Some customer reported the following trouble during OI scrub:

[1328349.256907] ------------[ cut here ]------------
[1328349.256928] WARNING: at /tmp/rpmbuild-lustre-root-lvg8hO2L/BUILD/lustre-2.7.21.3.ddn12.g7410d9d/ldiskfs/ext4_jbd2.c:266 __ldiskfs_handle_dirty_metadata+0x1c2/0x220 [ldiskfs]()
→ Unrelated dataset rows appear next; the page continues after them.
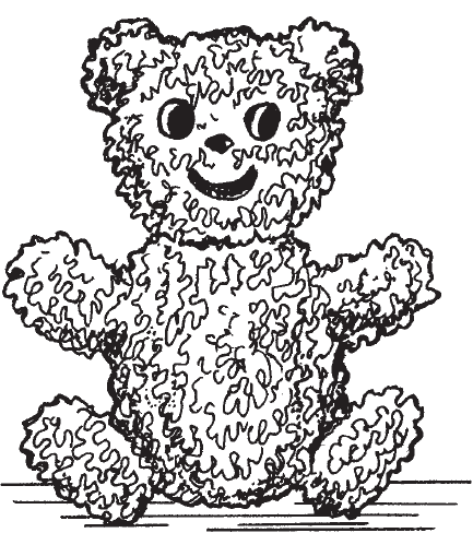 Слепить 2 пластилиновых шарика для туловища и головы медвежонка и 4 колбаски для его лап. Соединить все детали между собой. Затем нарезать из гофрированной бумаги много квадратиков размерами 1 X 1 см. Положить на серединку квадратика кончик зубочистки и скатать вокруг нее бумагу так, чтобы получилась трубочка. Не вынимая зубочистки из трубочки, воткнуть ее в пластилин. Такими трубочками заполнить все туловище и лапы медведя, начиная с нижнего ряда. Затем скатать небольшие кусочки бумаги в шарики и приклеить их к голове. Для рта скрутить в жгутик полоску бумаги шириной 1 см и приклеить к голове медвежонка (рис. 18).
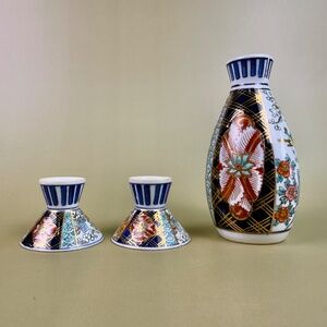 Vintage OMC Imari-Style Japanese Sake Set | Carafe & 2 Cups | Hand-Painted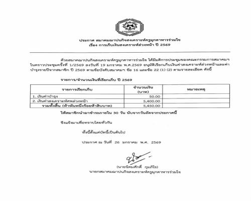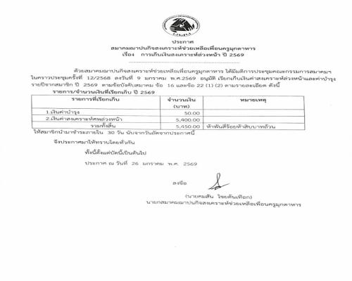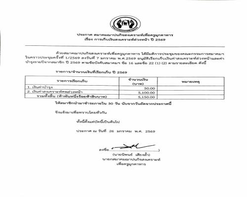 ประกาศ สมาคมฌาปนกิจสงเคราะห์ครูมุกดาหารร่วมใจ เรื่อง การเก็บเงินสงเคราะห์ล่วงหน้า ปี 2569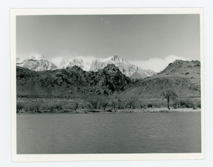 Photo of Diaz Lake, the Alabama Hills, and the snow-capped Sierra Nevada mountain range. Photo taken by Les Larson.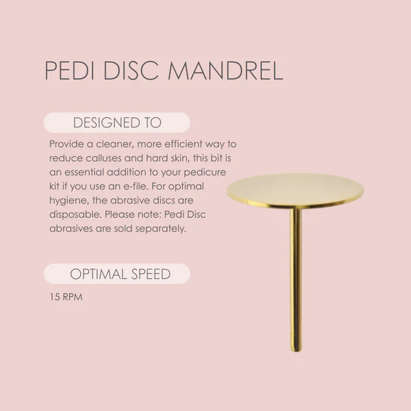 The Pedi Disc Mandrel is designed to provide a cleaner, more efficient way to reduce calluses and hard skin, this bit is an essential addition to your pedicure kit if you use an e-file. For optimal hygiene, the abrasive discs are disposable. Please note: Pedi Disc abrasives are sold separately.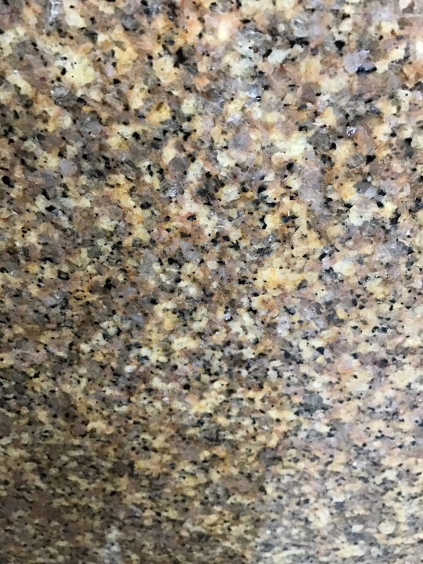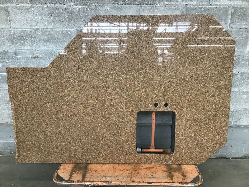 This sizable piece of granite countertop is finished on all but one edge and has a 13.5" x 15.75" bar sink cutout in the center-ish. Width listed is for the widest part, the smaller measures 34.25"W. Price reflects challenge of using this unique piece as well as some chippiness around the edges.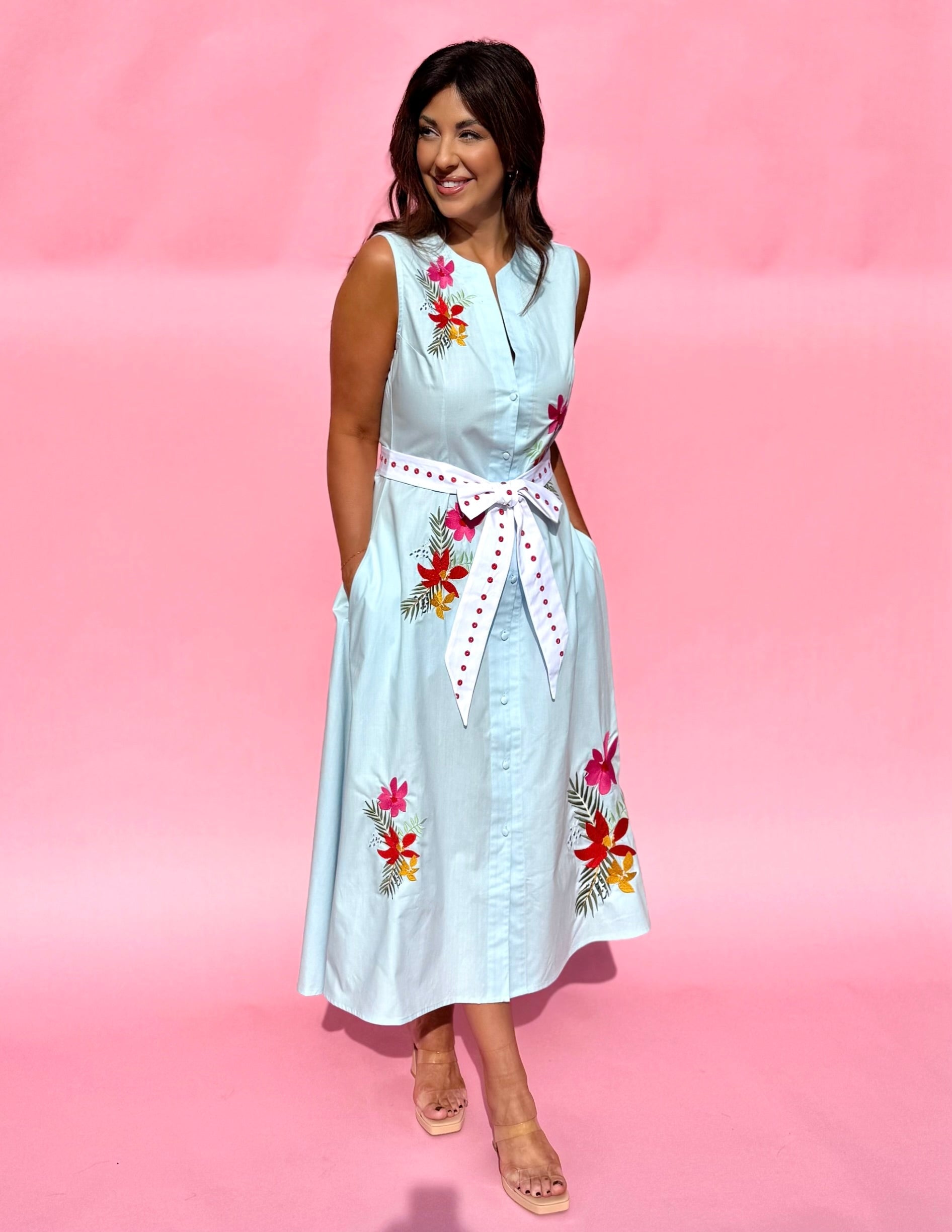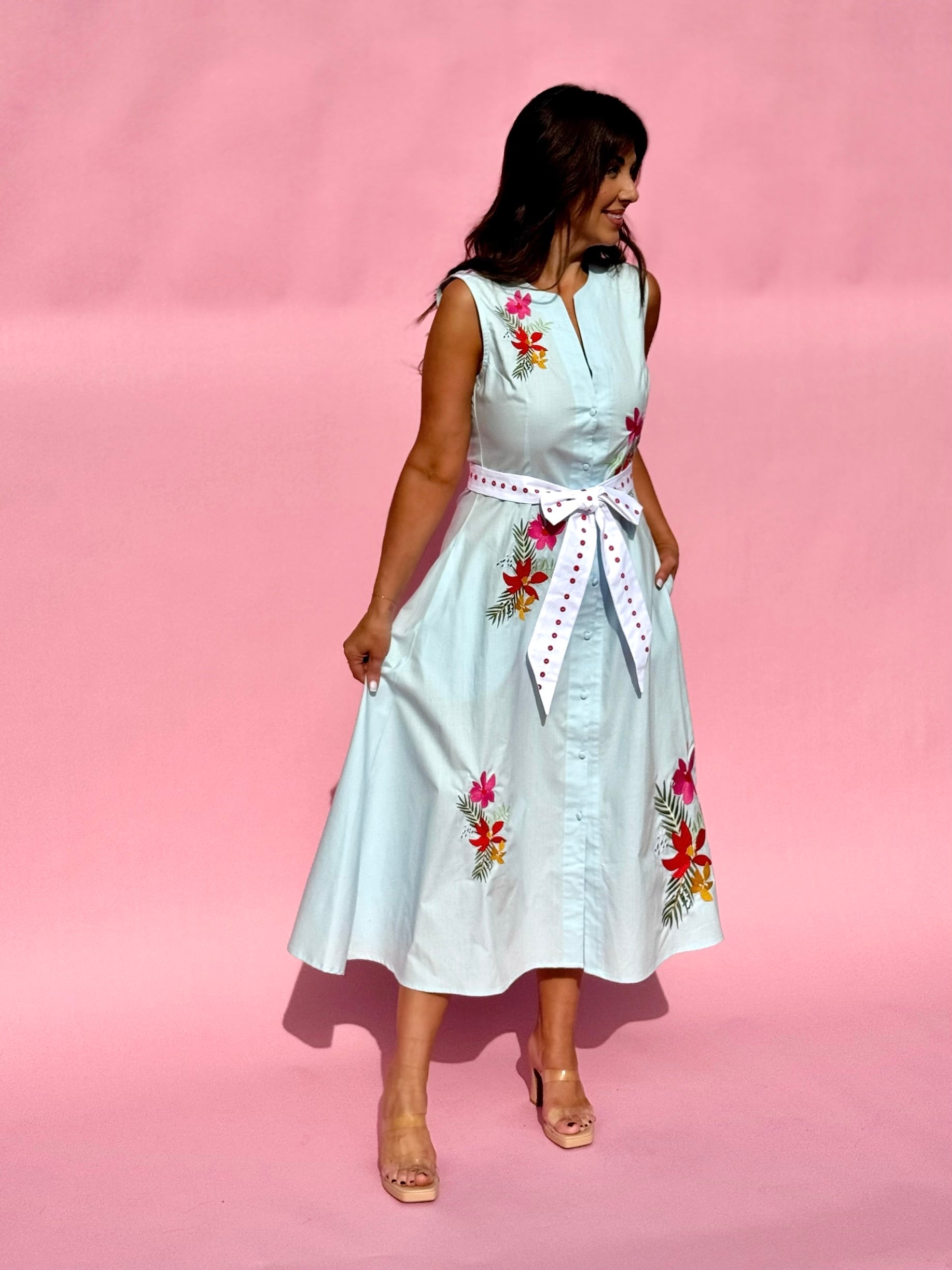 This stunning light blue sleeveless dress blends effortless charm with eye-catching detail. Designed with a flattering button-down front, it features vibrant red embroidery that adds a bold, artisanal touch. A contrasting belt cinches the waist beautifully, creating a feminine silhouette while adding visual interest. Light, airy, and perfect for warm days, this dress transitions seamlessly from casual daytime outings to relaxed evening gatherings. A standout piece that feels both fresh and timeless.

[1328349.256930] Modules linked in: mgs(OE) loop osc(OE) nfsv3 nfs fscache osp(OE) mdd(OE) lod(OE) mdt(OE) lfsck(OE) mgc(OE) osd_ldiskfs(OE) ldiskfs(OE) lquota(OE) lustre(OE) lmv(OE) mdc(OE) lov(OE) fid(OE) fld(OE) ko2iblnd(OE) ptlrpc(OE) obdclass(OE) lnet(OE) sha512_ssse3 sha512_generic crypto_null libcfs(OE) mpt3sas mpt2sas raid_class scsi_transport_sas mptctl mptbase dell_rbu rdma_ucm(OE) ib_ucm(OE) bonding rdma_cm(OE) iw_cm(OE) ib_ipoib(OE) ib_cm(OE) ib_uverbs(OE) ib_umad(OE) mlx4_en(OE) mlx4_ib(OE) ib_sa(OE) ib_mad(OE) mlx4_core(OE) dm_mirror dm_region_hash dm_log intel_powerclamp coretemp intel_rapl iosf_mbi kvm_intel kvm irqbypass dm_round_robin crc32_pclmul ghash_clmulni_intel aesni_intel lrw gf128mul glue_helper ablk_helper cryptd iTCO_wdt iTCO_vendor_support mxm_wmi pcspkr sg ipmi_devintf ipmi_si
[1328349.256966]  ipmi_msghandler mei_me lpc_ich mei sb_edac edac_core shpchp acpi_power_meter wmi dm_multipath dm_mod knem(OE) nfsd auth_rpcgss nfs_acl lockd grace sunrpc ip_tables ext4 mbcache jbd2 mlx5_ib(OE) ib_core(OE) ib_addr(OE) ib_netlink(OE) sr_mod cdrom sd_mod crc_t10dif crct10dif_generic crct10dif_pclmul crct10dif_common crc32c_intel mgag200 i2c_algo_bit qla2xxx drm_kms_helper syscopyarea sysfillrect sysimgblt fb_sys_fops ttm scsi_transport_fc mlx5_core(OE) ahci scsi_tgt mlx_compat(OE) drm libahci tg3 libata i2c_core megaraid_sas ptp pps_core fjes
[1328349.256991] CPU: 30 PID: 6079 Comm: OI_scrub Tainted: G           OE  ------------   3.10.0-514.26.2.el7_lustre.2.7.21.3.ddn12.g7410d9d.x86_64 #1
[1328349.256993] Hardware name:    /086D43, BIOS 2.4.3 01/17/2017
[1328349.256994]  0000000000000000 00000000a836e6cc ffff881de9ab7700 ffffffff81687f63
[1328349.256996]  ffff881de9ab7738 ffffffff81085cb0 ffff880d7c2952d8 ffff88017fbbf150
[1328349.256997]  ffff880d8368a2a8 ffffffffa116530c 0000000000000346 ffff881de9ab7748
[1328349.256999] Call Trace:
[1328349.257004]  [<ffffffff81687f63>] dump_stack+0x19/0x1b
[1328349.257008]  [<ffffffff81085cb0>] warn_slowpath_common+0x70/0xb0
[1328349.257009]  [<ffffffff81085dfa>] warn_slowpath_null+0x1a/0x20
[1328349.257016]  [<ffffffffa114a8a2>] __ldiskfs_handle_dirty_metadata+0x1c2/0x220 [ldiskfs]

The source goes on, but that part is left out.